Exercise ▸
With the pictures omitted, write out all of the listing exactly.

Provided material ▸
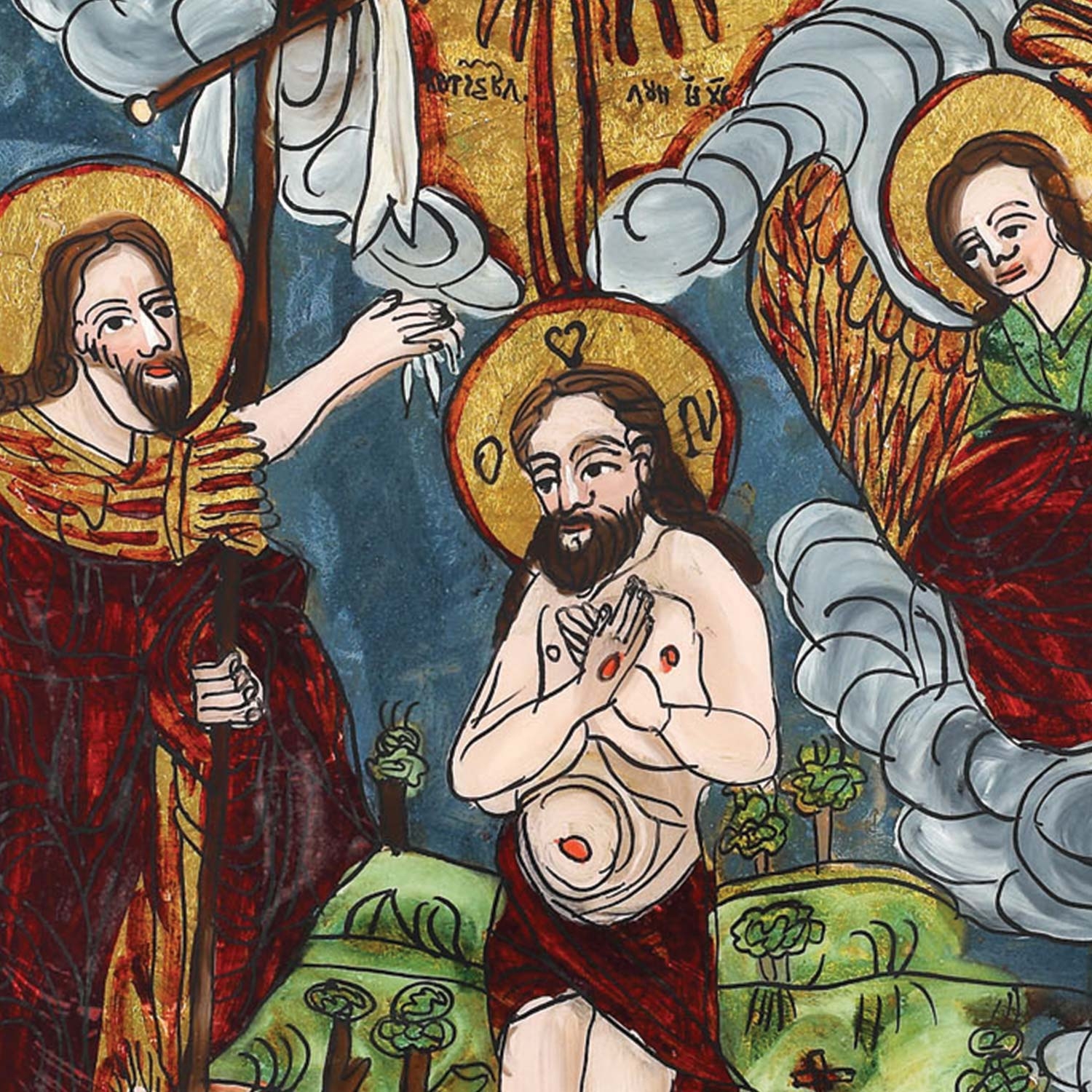 16. Icoană pe glajă, ”Botezul Domnului”, ramă pictată, atribuit zugrav Elena sau Elisabeta Morar, Săliștea, Sibiu, ultimele decenii ale sec. XIX
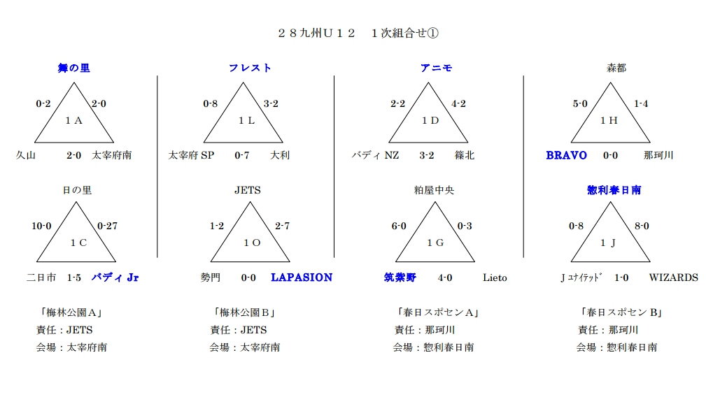 1J 惣利春日南 8-0 Jユナイテッド Jユナイテッド 1-0 WIZARDS WIZARDS 0-8 惣利春日南
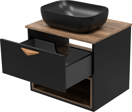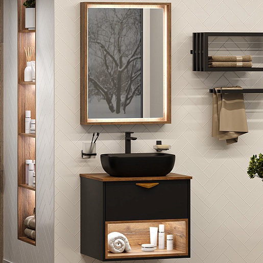 Тумба под раковину Bergen 60 подвесная дуб галифакс олово/черная

Solved exercise ▸
 16. Icoană pe glajă, ”Botezul Domnului”, ramă pictată, atribuit zugrav Elena sau Elisabeta Morar, Săliștea, Sibiu, ultimele decenii ale sec. XIX
 1J 惣利春日南 8-0 Jユナイテッド Jユナイテッド 1-0 WIZARDS WIZARDS 0-8 惣利春日南
 Тумба под раковину Bergen 60 подвесная дуб галифакс олово/черная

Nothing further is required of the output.